Like their black and Latino counterparts, Asian staffers were once hired primarily to help lawmakers cover their flanks in heavily minority districts. Nowadays, those aides are increasingly likely to be public policy professionals juggling issues that affect all citizens, from health to transportation to insurance.
"We are not just 'the Asian staff person' where we handle Asian complaints or bills which have the title 'Asian' in the bill," said Dale Shimasaki, 36, a special assistant who handles education issues for Assembly Speaker Willie Brown (D-San Francisco). "We're trying to diversify ourselves in public policy areas."
These staffers are rarely quoted--except when touting their bosses' accomplishments. But they have put their stamp on such issues as discrimination in Asian admissions to the University of California, divestment from South Africa, redress for Japanese-Americans interned during World War II and the portrayal of that incident in state publications and textbooks, bilingual education, school funding, hate crimes and redistricting.
When Congress approved reparations to Japanese-American internees, for example, the payments were exempted from federal taxes.

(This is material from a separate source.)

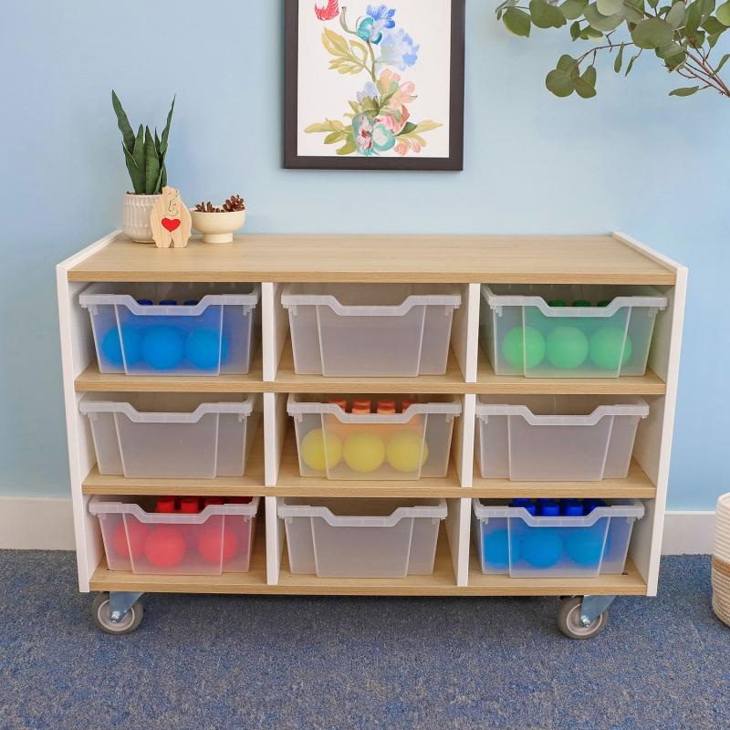 Compact mobile classroom storage in a crisp contemporary design! Refined contrasting white and textured white oak panels form crisp, clean lines for a sophisticated modern look. Nine spacious cubby storage compartments hold nine clear Gratnell trays that m

Priscilla Ouchida, an aide to Assemblyman Pat Johnston (D-Stockton), realized that state taxes would still apply and wrote a bill to also exempt the reparations from California taxes. Johnston introduced the bill in the Assembly, and Ouchida enlisted Asian-American staffers on the Senate side to smooth its voyage through the Legislature.

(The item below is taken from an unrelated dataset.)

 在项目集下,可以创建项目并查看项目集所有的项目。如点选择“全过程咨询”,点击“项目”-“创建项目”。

Asian staffers also played a role in bringing the question of discrimination in UC Berkeley admissions to a head by taking the issue directly to Brown and Senate President Pro Tem David A. Roberti of Los Angeles, aides, politicians and community leaders said.
After aides arranged for the leaders to meet with the Asian American Task Force on UC Admissions, Brown in March, 1987, backed a resolution calling on UC Berkeley to disclose its admissions policies. And Roberti asked the state auditor general to investigate.
The resolution passed both houses unanimously in September of that year. Three months later, then-UC Berkeley Chancellor Michael Heyman apologized for the way the university had handled the issue.
"Had the (Asian) community gone to a member that didn't have an Asian-American staff member, it probably would have happened, but it might have taken a year more," said Shimasaki, a Berkeley alumnus who drafted the resolution for Brown.